In a world free from any uncertainty (sign me up), we could just apply cross-validation for each model and simply select the one that best describes the data. Fortunately for us (I still have a job), uncertainty is as much a part of life as paper rejections and existential dread.

Model selection is made more complex by the presence of uncertainty. There are several options that we might consider:

Option the first: Bayes factors

Something something marginal likelihoods, something $\mathcal{M}$-closed. Just go to Wikipedia, the world doesn't need another explanation from me.

Option the second: Extended posterior

Rather than evaluate the Bayes factors pairwise for all model pairs, it might be argued that a more natural Bayesian treatment is to target the discrete marginal posterior over the model choice directly,

$$p(\mathcal{M} = \mathcal{M}_k|y) = p(k|y)$$

where $k$ is an indicator variable that implies the data is generated by $\mathcal{M}_k$. Notice in the above that we have implicitly marginalised over the parameterisation of each model $\theta$.

Applying Bayes rule,

$$p(k,\theta|y)=\frac{p(y|k,\theta)p(k)p(\theta|k)}{p(y)}$$

This all seems fairly standard, but a flagrant abuse of notation is concealing a big problem, the parameterisation of each $\mathcal{M}_k$ are not necessarily the same, that there is not just a single $\theta$ in our posterior but one for each model! A convenient factorisation that makes this clear is,

$$p(k, [\theta^{(1)}, ...,\theta^{(n)}]|y) = p(k|y)p(\theta^{(k)}|k,y)$$

This at least looks a bit more sensible, but a closed form inference is not going to be possible and we are going to have to resort to a sampling-based approach. However, we won't just be able to employ our favourite gradient based sampling scheme and ride off into the Bayesian sunset. As we shall see, the structure of our statistical model requires special treatment (and not just a kick in the NUTS)...

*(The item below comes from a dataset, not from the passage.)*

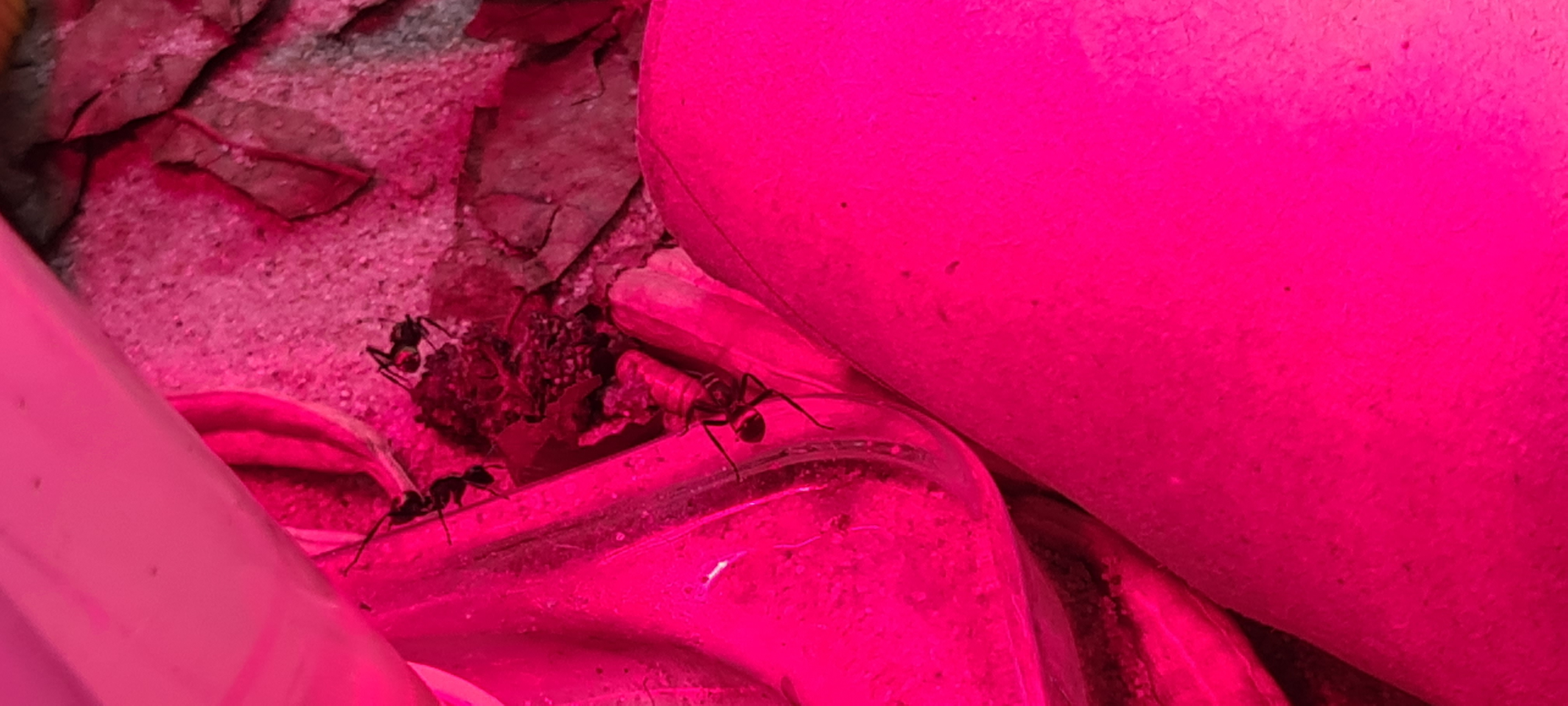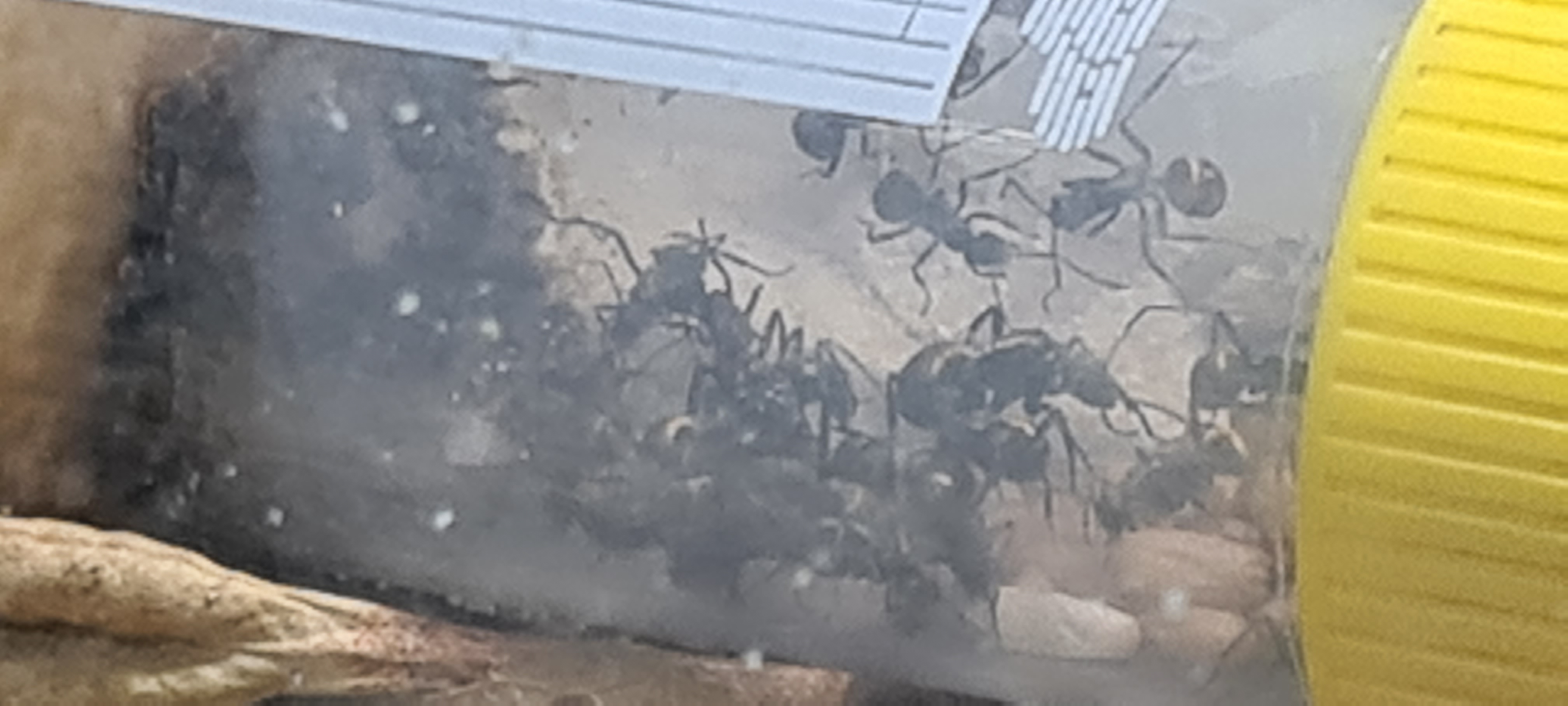 Erst mal ist irgendwie eine Minispinne ins Terrarium geraten und hat eine Ameise gekillt bis ich es merkte, leider.

Sorry, why can't I just adopt a hierarchical sampling approach?

If you are anything like me, you might be staring at the above and thinking, why can't I just adopt a standard Metropolis-Hastings sampling scheme that goes something like:

1. initialise the chain at ($k, \theta$)
2. sample $k'\sim q(k)$
3. sample $\theta' \sim q(\theta|k, \theta)$
4. compute $p(y|k', \theta)$
5. move the chain to ($k', \theta'$) with probability $\alpha$

$$\alpha = \frac {p(y|k', \theta')p(k')p(\theta'|k')q(k |k')q(\theta |k', \theta')} {p(y|k, \theta )p(k )p(\theta |k )q(k'|k )q(\theta'|k, \theta)}$$

6. repeat
7. ???
8. profit

Where $q$ is an appropriately chosen proposal density, then plug it into STAN and put the kettle on.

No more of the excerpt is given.